在data.table中使用eval [英] using eval in data.table
问题描述
使用以下data.table:
$ 我尝试将data.table中eval的行为理解为框架 b$ b
set.seed(1)
foo = data.table(var1 = sample(1:3,1000,r = T) var2 = rnorm(1000),var3 = sample(letters [1:5],1000,replace = T))
$ b b
我试图复制此指令
foo [var1 == 1,sum(var2) var b]
$ b b b b b pre> eval1 = function(s)eval(parse(text = s),envir = sys.parent())
正如你所看到的,测试1和3是工作,但我不明白在eval中为test 2设置的正确环境:
var_i =var1
var_j =var2
var_by =var3
$ b b#test 1 works
foo [eval1(var_i)== 1,sum(var2),by = var3]
#test 2不工作
foo [var1 == 1,sum(eval1(var_j)),by = var3]
#test 3 works
foo [var1 == 1,sum(var2),by = eval1(var_by) ]
j-exp
在 .SD
的环境中检查其变量,它代表数据子集
。 .SD
本身是一个 data.table
,它包含该组的列。
执行以下操作时:
foo [var1 == 1,sum (eval(parse(text = var_j))),by = var3]
c $ c> j-exp 获得内部优化/替换为 sum(var2)
。但 sum(eval1(var_j))
没有得到优化,并保持原样。
然后当它对每个组求值时,它必须找到 var2
在调用函数的parent.frame()中,但在 .SD
中。作为示例,让我们这样做:
eval1< - function(s)eval(parse(text = s),envir = parent.frame())
foo [var1 == 1,{var2 = 1L; eval1(var_j)},by = var3]
#var3 V1
#1:e 1
#2:c 1
#3:a 1
#4 :b 1
#5:d 1
找到 var2
从它的父框架。也就是说,我们必须指向正确的环境来评估,有一个额外的参数值= .SD
。
eval1 < - function(s,env)eval(parse(text = s),envir = env,enclos = parent.frame())
foo [var1 == 1,sum(eval1(var_j,.SD)),by = var3]
#var3 V1
#1:e 11.178035
#2:c -12.236446
# 3:a -8.984715
#4:b -2.739386
#5:d -1.159506
I'm trying to understand the behaviour of eval in a data.table as a "frame".
With following data.table:
set.seed(1)
foo = data.table(var1=sample(1:3,1000,r=T), var2=rnorm(1000), var3=sample(letters[1:5],1000,replace = T))

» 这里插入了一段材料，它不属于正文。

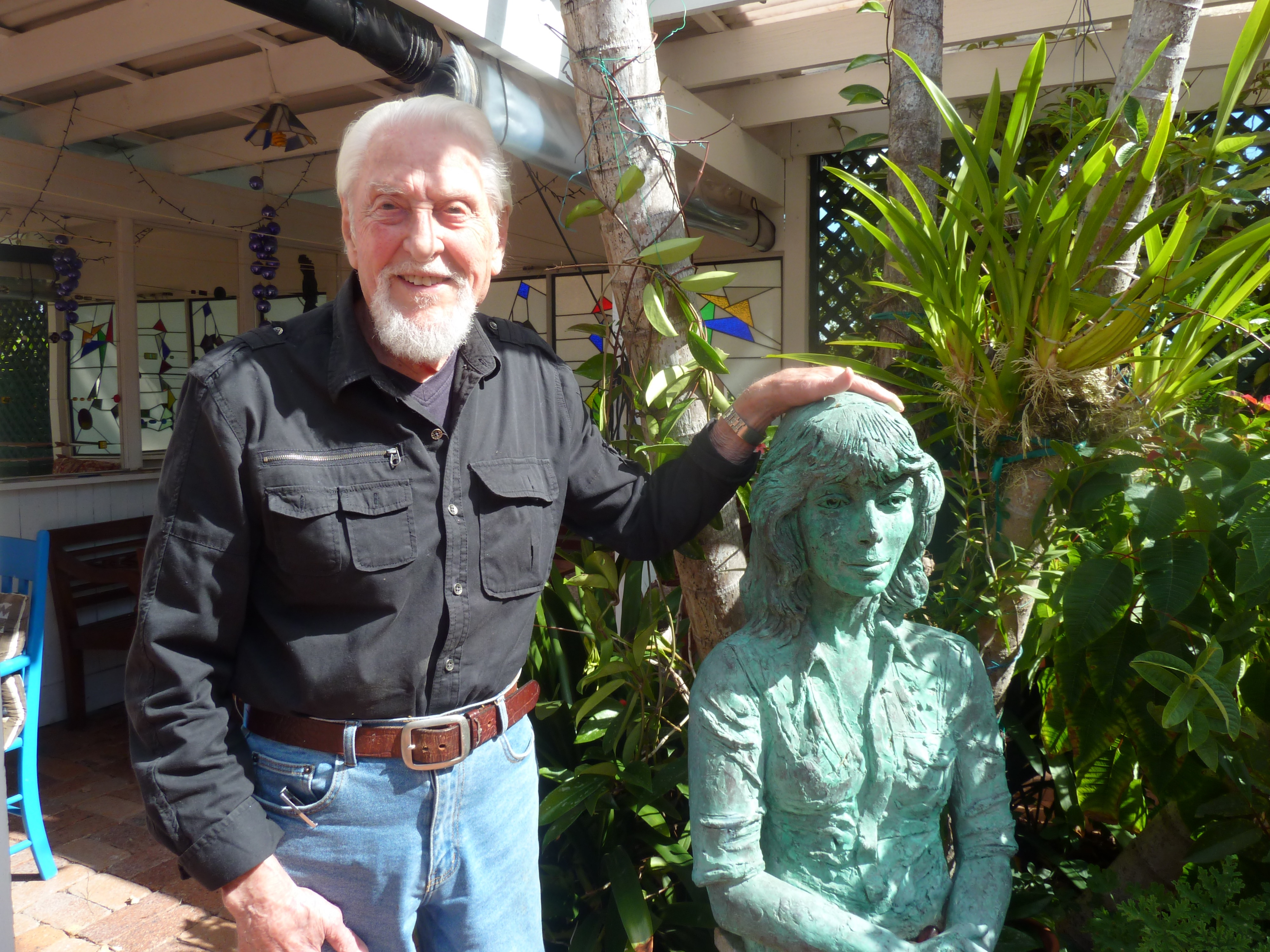 Mark Clark (Sculptor) at his Home, May 2016
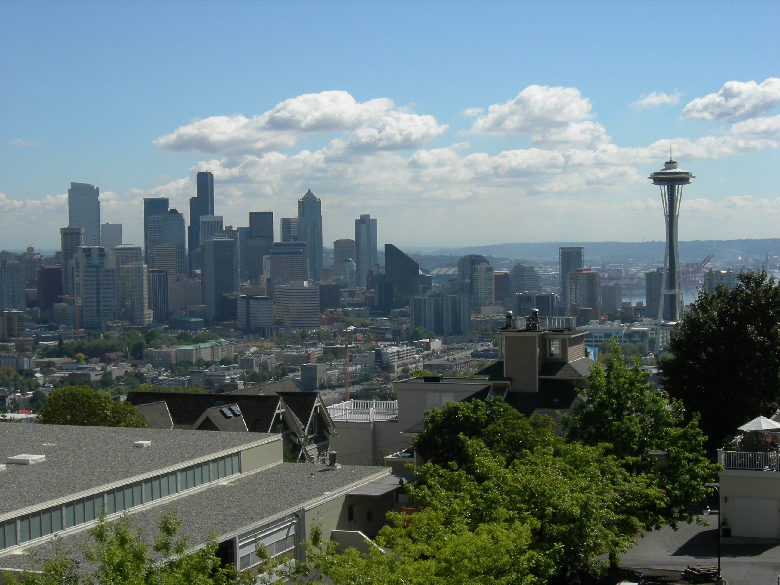 Seattle skyline seen from a rooftop garden in the former Queen Anne High School, 215 Galer St., Queen Anne Hill, Seattle, Washington. The building, now condominium apartments, is on the National Register of Historic Places, ID #85002916.

I'm trying to replicate this instruction
foo[var1==1 , sum(var2) , by=var3]
using a function of eval:
eval1 = function(s) eval( parse(text=s) ,envir=sys.parent() )
As you can see, test 1 and 3 are working, but I don't understand which is the "correct" envir to set in eval for test 2:
var_i="var1"
var_j="var2"
var_by="var3"
# test 1 works
foo[eval1(var_i)==1 , sum(var2) , by=var3 ]
# test 2 doesn't work
foo[var1==1 , sum(eval1(var_j)) , by=var3]
# test 3 works
foo[var1==1 , sum(var2) , by=eval1(var_by)]
The j-exp
, checks for it's variables in the environment of .SD
, which stands for Subset of Data
. .SD
is itself a data.table
that holds the columns for that group.
When you do:
foo[var1 == 1, sum(eval(parse(text=var_j))), by=var3]
directly, the j-exp
gets internally optimised/replaced to sum(var2)
. But sum(eval1(var_j))
doesn't get optimised, and stays as it is.
Then when it gets evaluated for each group, it'll have to find var2
, which doesn't exist in the parent.frame() from where the function is called, but in .SD
. As an example, let's do this:
eval1 <- function(s) eval(parse(text=s), envir=parent.frame())
foo[var1 == 1, { var2 = 1L; eval1(var_j) }, by=var3]
# var3 V1
# 1: e 1
# 2: c 1
# 3: a 1
# 4: b 1
# 5: d 1
It find var2
from it's parent frame. That is, we have to point to the right environment to evaluate in, with an additional argument with value = .SD
.
eval1 <- function(s, env) eval(parse(text=s), envir = env, enclos = parent.frame())
foo[var1 == 1, sum(eval1(var_j, .SD)), by=var3]
# var3 V1
# 1: e 11.178035
# 2: c -12.236446
# 3: a -8.984715
# 4: b -2.739386
# 5: d -1.159506
这篇关于在data.table中使用eval的文章就介绍到这了,希望我们推荐的答案对大家有所帮助,也希望大家多多支持IT屋!